What needs to be done | In the entries below, go to the line containing "Een kaaskies in een blijvend gebit" and repeat it along with every later line, exactly.

[Opening Data to process section]

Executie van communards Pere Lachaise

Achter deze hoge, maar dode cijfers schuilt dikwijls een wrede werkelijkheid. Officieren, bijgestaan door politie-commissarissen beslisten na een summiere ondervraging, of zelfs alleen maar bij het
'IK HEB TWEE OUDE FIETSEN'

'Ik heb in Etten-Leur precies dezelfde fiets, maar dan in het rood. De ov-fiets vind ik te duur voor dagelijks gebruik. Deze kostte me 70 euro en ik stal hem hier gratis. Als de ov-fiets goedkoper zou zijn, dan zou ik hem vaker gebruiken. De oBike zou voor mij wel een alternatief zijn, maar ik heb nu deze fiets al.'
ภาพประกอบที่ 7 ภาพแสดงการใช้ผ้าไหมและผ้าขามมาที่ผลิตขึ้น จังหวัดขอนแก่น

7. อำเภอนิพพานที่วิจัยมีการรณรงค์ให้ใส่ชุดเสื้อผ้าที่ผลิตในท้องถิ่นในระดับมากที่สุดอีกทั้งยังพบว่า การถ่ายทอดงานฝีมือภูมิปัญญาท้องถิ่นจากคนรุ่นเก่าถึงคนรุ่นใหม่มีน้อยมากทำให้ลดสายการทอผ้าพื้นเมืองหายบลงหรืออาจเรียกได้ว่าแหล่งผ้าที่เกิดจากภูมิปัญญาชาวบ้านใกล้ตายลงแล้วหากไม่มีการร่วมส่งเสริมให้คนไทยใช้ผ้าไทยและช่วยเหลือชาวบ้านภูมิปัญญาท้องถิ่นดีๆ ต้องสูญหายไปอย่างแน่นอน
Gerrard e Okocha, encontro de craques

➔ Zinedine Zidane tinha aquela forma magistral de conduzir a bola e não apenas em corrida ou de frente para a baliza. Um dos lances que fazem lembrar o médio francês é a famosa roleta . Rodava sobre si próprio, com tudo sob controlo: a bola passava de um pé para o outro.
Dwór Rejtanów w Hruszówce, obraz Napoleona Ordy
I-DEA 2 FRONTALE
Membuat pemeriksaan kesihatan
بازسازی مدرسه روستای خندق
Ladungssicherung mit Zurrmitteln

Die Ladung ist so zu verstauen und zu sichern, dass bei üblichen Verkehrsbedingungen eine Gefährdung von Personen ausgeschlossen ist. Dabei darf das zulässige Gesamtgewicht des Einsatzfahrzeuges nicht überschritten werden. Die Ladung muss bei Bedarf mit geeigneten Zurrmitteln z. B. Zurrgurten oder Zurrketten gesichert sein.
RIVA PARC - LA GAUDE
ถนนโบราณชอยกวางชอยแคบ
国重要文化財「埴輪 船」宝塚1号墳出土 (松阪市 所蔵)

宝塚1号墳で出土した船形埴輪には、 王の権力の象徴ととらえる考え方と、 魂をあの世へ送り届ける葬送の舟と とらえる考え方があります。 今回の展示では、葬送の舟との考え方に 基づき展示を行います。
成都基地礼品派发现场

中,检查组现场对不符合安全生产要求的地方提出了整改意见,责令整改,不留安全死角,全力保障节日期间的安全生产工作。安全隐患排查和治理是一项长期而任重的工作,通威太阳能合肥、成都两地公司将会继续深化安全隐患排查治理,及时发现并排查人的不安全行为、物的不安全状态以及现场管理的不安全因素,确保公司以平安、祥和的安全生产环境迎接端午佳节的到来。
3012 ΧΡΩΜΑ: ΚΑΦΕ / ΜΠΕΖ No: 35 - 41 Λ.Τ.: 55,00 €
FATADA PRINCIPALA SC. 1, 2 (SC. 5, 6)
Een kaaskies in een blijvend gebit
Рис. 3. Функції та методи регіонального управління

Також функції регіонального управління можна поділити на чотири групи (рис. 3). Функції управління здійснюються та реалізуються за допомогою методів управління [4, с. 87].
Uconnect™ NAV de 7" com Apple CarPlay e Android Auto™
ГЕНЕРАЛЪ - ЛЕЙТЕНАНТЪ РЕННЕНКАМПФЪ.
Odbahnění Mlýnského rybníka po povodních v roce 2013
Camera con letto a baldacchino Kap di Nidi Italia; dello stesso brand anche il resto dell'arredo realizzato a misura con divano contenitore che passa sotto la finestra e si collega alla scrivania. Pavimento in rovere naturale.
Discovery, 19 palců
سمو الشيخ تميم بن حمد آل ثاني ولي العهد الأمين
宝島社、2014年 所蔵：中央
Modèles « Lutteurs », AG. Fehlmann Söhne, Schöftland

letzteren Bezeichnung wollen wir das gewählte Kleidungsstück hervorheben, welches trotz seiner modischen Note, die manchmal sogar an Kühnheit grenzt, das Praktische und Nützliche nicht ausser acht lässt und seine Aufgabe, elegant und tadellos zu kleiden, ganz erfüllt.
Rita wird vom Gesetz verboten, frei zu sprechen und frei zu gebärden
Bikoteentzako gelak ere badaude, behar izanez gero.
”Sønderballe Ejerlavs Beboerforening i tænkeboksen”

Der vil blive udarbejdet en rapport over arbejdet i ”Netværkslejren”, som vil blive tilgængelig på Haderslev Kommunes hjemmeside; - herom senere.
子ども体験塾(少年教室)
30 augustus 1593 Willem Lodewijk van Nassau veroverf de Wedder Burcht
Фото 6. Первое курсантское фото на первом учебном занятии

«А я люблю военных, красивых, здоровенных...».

[Closing Data to process section]

Written solution |
Een kaaskies in een blijvend gebit
Рис. 3. Функції та методи регіонального управління

Також функції регіонального управління можна поділити на чотири групи (рис. 3). Функції управління здійснюються та реалізуються за допомогою методів управління [4, с. 87].
Uconnect™ NAV de 7" com Apple CarPlay e Android Auto™
ГЕНЕРАЛЪ - ЛЕЙТЕНАНТЪ РЕННЕНКАМПФЪ.
Odbahnění Mlýnského rybníka po povodních v roce 2013
Camera con letto a baldacchino Kap di Nidi Italia; dello stesso brand anche il resto dell'arredo realizzato a misura con divano contenitore che passa sotto la finestra e si collega alla scrivania. Pavimento in rovere naturale.
Discovery, 19 palců
سمو الشيخ تميم بن حمد آل ثاني ولي العهد الأمين
宝島社、2014年 所蔵：中央
Modèles « Lutteurs », AG. Fehlmann Söhne, Schöftland

letzteren Bezeichnung wollen wir das gewählte Kleidungsstück hervorheben, welches trotz seiner modischen Note, die manchmal sogar an Kühnheit grenzt, das Praktische und Nützliche nicht ausser acht lässt und seine Aufgabe, elegant und tadellos zu kleiden, ganz erfüllt.
Rita wird vom Gesetz verboten, frei zu sprechen und frei zu gebärden
Bikoteentzako gelak ere badaude, behar izanez gero.
”Sønderballe Ejerlavs Beboerforening i tænkeboksen”

Der vil blive udarbejdet en rapport over arbejdet i ”Netværkslejren”, som vil blive tilgængelig på Haderslev Kommunes hjemmeside; - herom senere.
子ども体験塾(少年教室)
30 augustus 1593 Willem Lodewijk van Nassau veroverf de Wedder Burcht
Фото 6. Первое курсантское фото на первом учебном занятии

«А я люблю военных, красивых, здоровенных...».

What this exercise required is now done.